By © Source:, US Africa News. Updated 2015-08-21

Nicolas Sarkozy and Muammar Gaddafi

The circumstances under which former French head of state Nicolas Sarkozy decided to intervene militarily in Libya in 2011. Nothing predestined the former president to engage against the Gaddafi regime he had received at the Elysée Palace in 2007.



On March 7, 2011, Nicolas Sarkozy summoned his key ministers in the solemn Green Room of the Elysée. The agenda of the meeting concerned "the flow of migrants in the Mediterranean". That day, the president specified for the first time the reasons for intervention in Libya. "Nicolas Sarkozy was very collected”, says one participant, “One felt that it was really he who wanted to intervene against Gaddafi, even without international support, and in opposition to some of his ministers, including the prime minister, Francois Fillon. Early in the meeting, Alain Juppe, then head of Foreign Affairs, summarized the views of France’s key allies. "The Americans are not very hot, the English are in no hurry ..." Francois Fillon added: "Without US participation, it would be folly to get involved. Sarkozy interrupted. "In an emergency and with the support of the Arab League and the African Union, a Franco-British surgical strike in Libya is quite possible.”


The head of state moved on to the need to organize "humanitarian zones” in Egypt and Tunisia to contain a potential influx of refugees during the intervention. No matter that his ally Claude Gueant, Minister of the Interior, expressed some doubts about the possibility of actualizing such refugee camps.  His plan of action brooked no reservations. “Gaddafi must go.”


Sarko goes to war


Prime Minister Fillon made a last foray: "Without the Americans, we are heading into disaster."  “I don’t see why,” retorted the French president, “We cannot abandon the people of Libya." General Benoît Puga, Sarkozy’s chief of staff, a position he retained under François Hollande, came to the president’s aid: "Given the deteriorating situation of Libyan air strength--ten helicopters, two Mirage and six Stukai aircraft--we can easily neutralize runways."


Nothing seemed to temper the warlike ardor of Nicolas Sarkozy against Gaddafi. In March 2011, the French military insisted on intervening in Mali, where jihadi groups were increasing the taking of hostages. The French intelligence services had located a meeting of key leaders of AQIM [al-Qaeda in the Islamic Maghreb] in Timbuktu. It was necessary to "smoke them out" without further ado. The DCRI [French intelligence agency] was in the same position. Nothing was helping. Sarkozy lent them a distracted ear. Libya remained his sole obsession.
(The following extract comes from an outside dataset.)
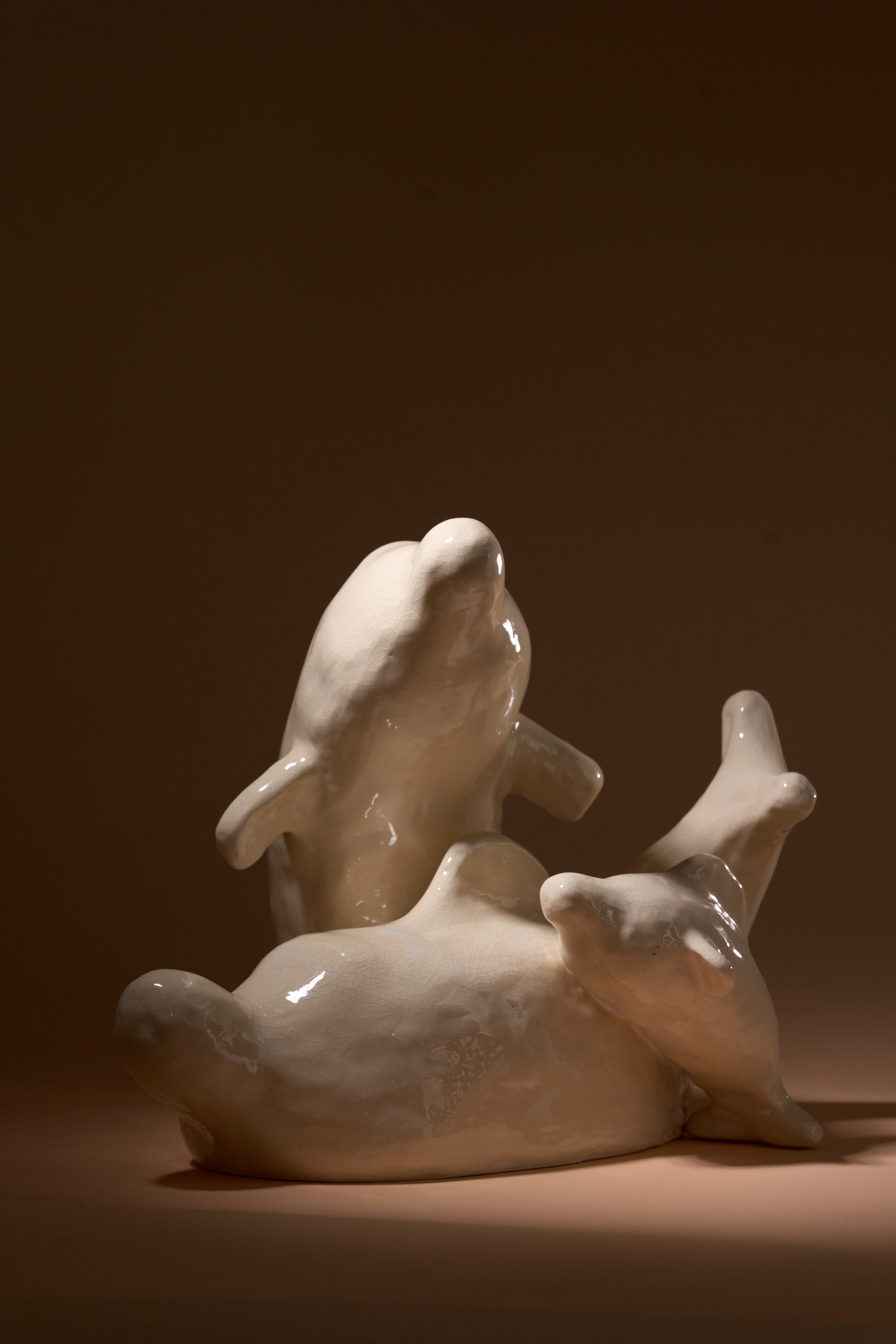 三隻海豚快樂相依,彼此守護也互相陪伴。牠們沒有華麗的色彩,單色的形態傳遞純淨、真摯的愛。

On July 7, 2011, a luncheon was held between the French and Nigerien presidents, accompanied by their senior staff. Niger had some sympathy for Gaddafi, who had generously supported its regime. "We pleaded, President Mahamadou Issoufou and I,” explained the Nigerien foreign minister, Mohamed Bazoum, “so that we could find a compromise between some of the people close to Gaddafi who were more open and the National Transitional Council [the post-Gaddafi interim government] to cease hostilities. But Nicolas Sarkozy did not want that any price, he was stubborn on his positions. Counselors and ministers present were not in agreement with him, it was written all over their faces. But no one dared to contradict him." Nicolas Sarkozy wanted to go through with his war against Gaddafi.


Why Sarkozy’s sudden turnaround? Was he seeking to erase the past and forget the extravagant reception in Paris in summer, 2009 for the same Colonel Gaddafi, who pitched his tent across from the Elysée? Unless he was looking for an upgraded dictatorship to show that he, too, was in sync with the popular uprisings in the Arab world? In any case, Sarkozy was sensitive to the advice of his friend, the Emir of Qatar, Sheikh Hamad Al Thani, who wanted this war against Tripoli at all costs, perhaps to keep the $50 billion that the Gaddafi regime had placed in banks in Doha in its heyday, and which the emirate unscrupulously retains today.